• TASK TO CARRY OUT: The output must be exactly the lines from the "The fuel pressure regulator" line through the end of the listing below, with no picture included.

• INFORMATION SHOWN:
Segment Open
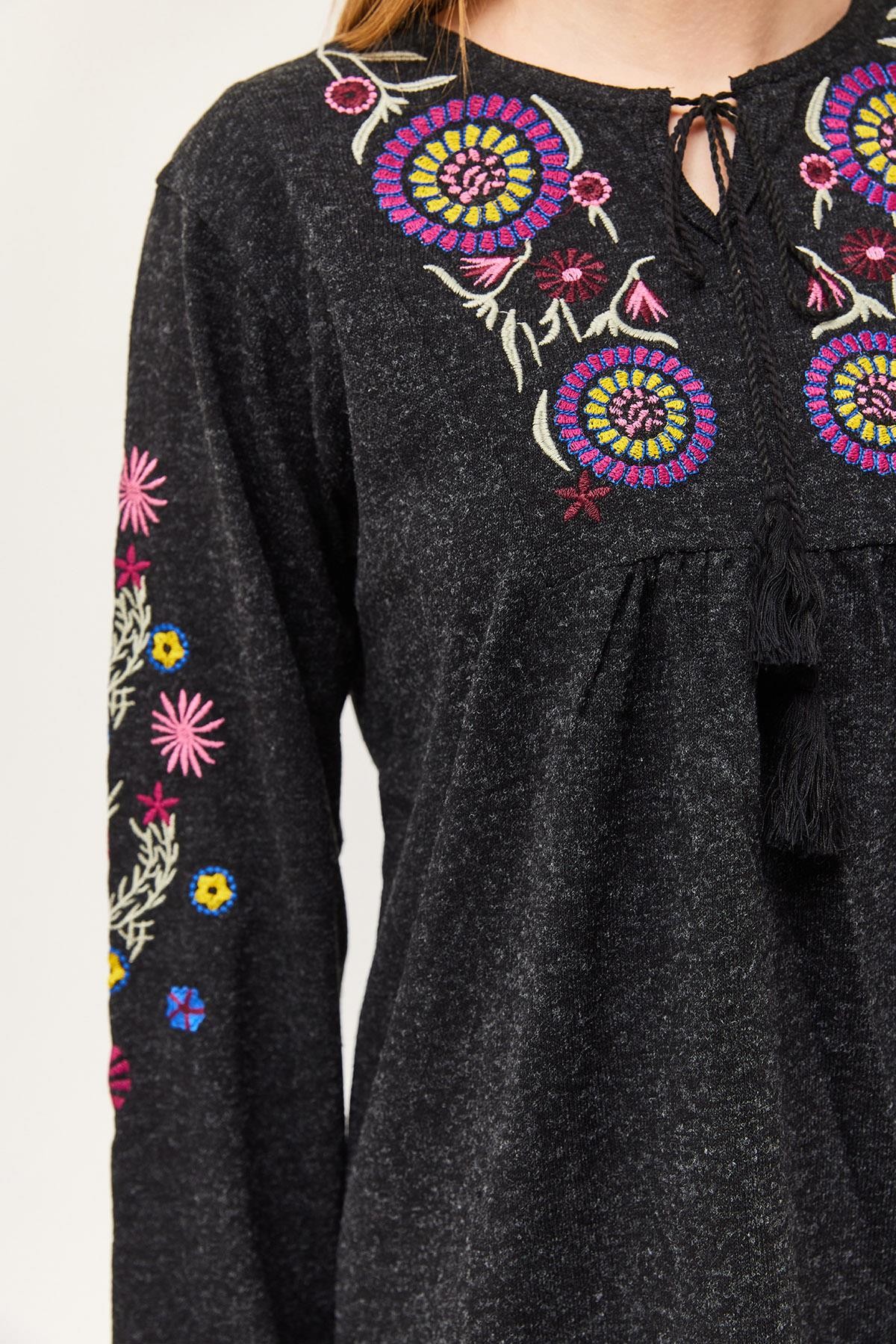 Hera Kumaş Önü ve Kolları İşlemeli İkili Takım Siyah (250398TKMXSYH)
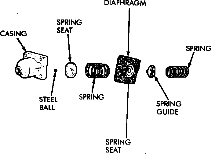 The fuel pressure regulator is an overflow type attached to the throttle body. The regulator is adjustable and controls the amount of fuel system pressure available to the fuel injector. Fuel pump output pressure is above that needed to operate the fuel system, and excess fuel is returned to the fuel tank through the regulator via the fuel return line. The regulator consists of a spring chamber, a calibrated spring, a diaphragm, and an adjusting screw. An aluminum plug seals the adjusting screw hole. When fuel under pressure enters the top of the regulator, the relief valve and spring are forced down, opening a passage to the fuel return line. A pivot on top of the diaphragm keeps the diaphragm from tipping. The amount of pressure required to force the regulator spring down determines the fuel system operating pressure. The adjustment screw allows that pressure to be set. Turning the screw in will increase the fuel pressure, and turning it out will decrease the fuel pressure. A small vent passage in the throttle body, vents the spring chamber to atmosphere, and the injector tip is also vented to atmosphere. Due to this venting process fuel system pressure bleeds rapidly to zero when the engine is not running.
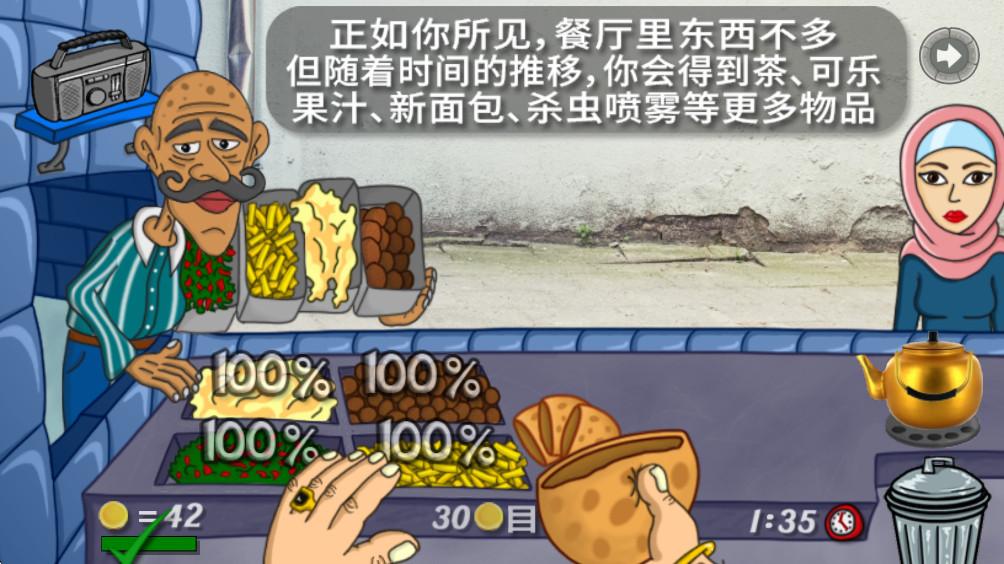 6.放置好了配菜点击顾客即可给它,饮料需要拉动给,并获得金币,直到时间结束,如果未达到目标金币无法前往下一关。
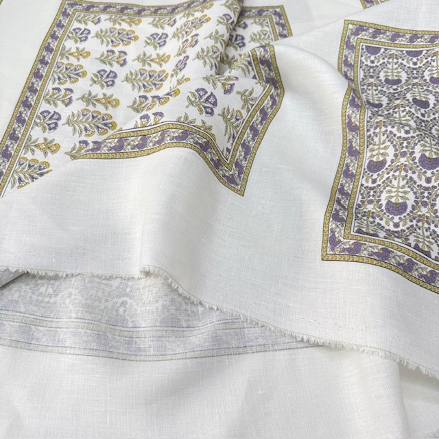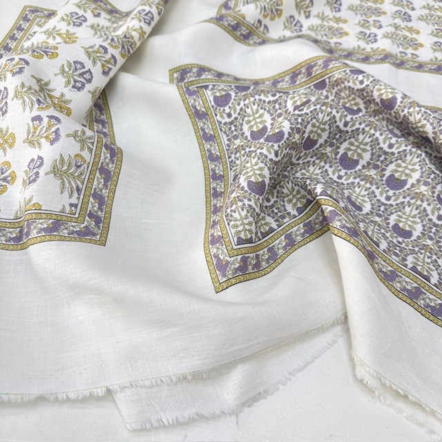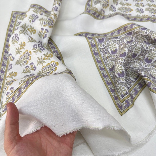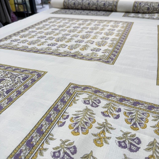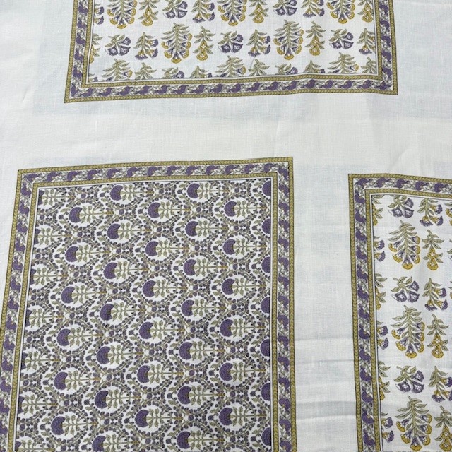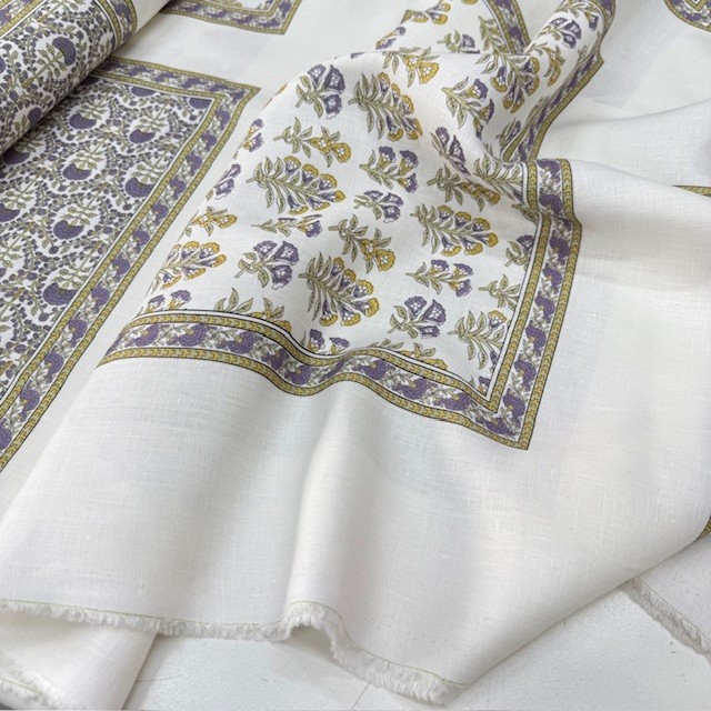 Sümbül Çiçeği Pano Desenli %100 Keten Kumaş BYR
Segment Closed
• REPLY:
 The fuel pressure regulator is an overflow type attached to the throttle body. The regulator is adjustable and controls the amount of fuel system pressure available to the fuel injector. Fuel pump output pressure is above that needed to operate the fuel system, and excess fuel is returned to the fuel tank through the regulator via the fuel return line. The regulator consists of a spring chamber, a calibrated spring, a diaphragm, and an adjusting screw. An aluminum plug seals the adjusting screw hole. When fuel under pressure enters the top of the regulator, the relief valve and spring are forced down, opening a passage to the fuel return line. A pivot on top of the diaphragm keeps the diaphragm from tipping. The amount of pressure required to force the regulator spring down determines the fuel system operating pressure. The adjustment screw allows that pressure to be set. Turning the screw in will increase the fuel pressure, and turning it out will decrease the fuel pressure. A small vent passage in the throttle body, vents the spring chamber to atmosphere, and the injector tip is also vented to atmosphere. Due to this venting process fuel system pressure bleeds rapidly to zero when the engine is not running.
 6.放置好了配菜点击顾客即可给它,饮料需要拉动给,并获得金币,直到时间结束,如果未达到目标金币无法前往下一关。
 Sümbül Çiçeği Pano Desenli %100 Keten Kumaş BYR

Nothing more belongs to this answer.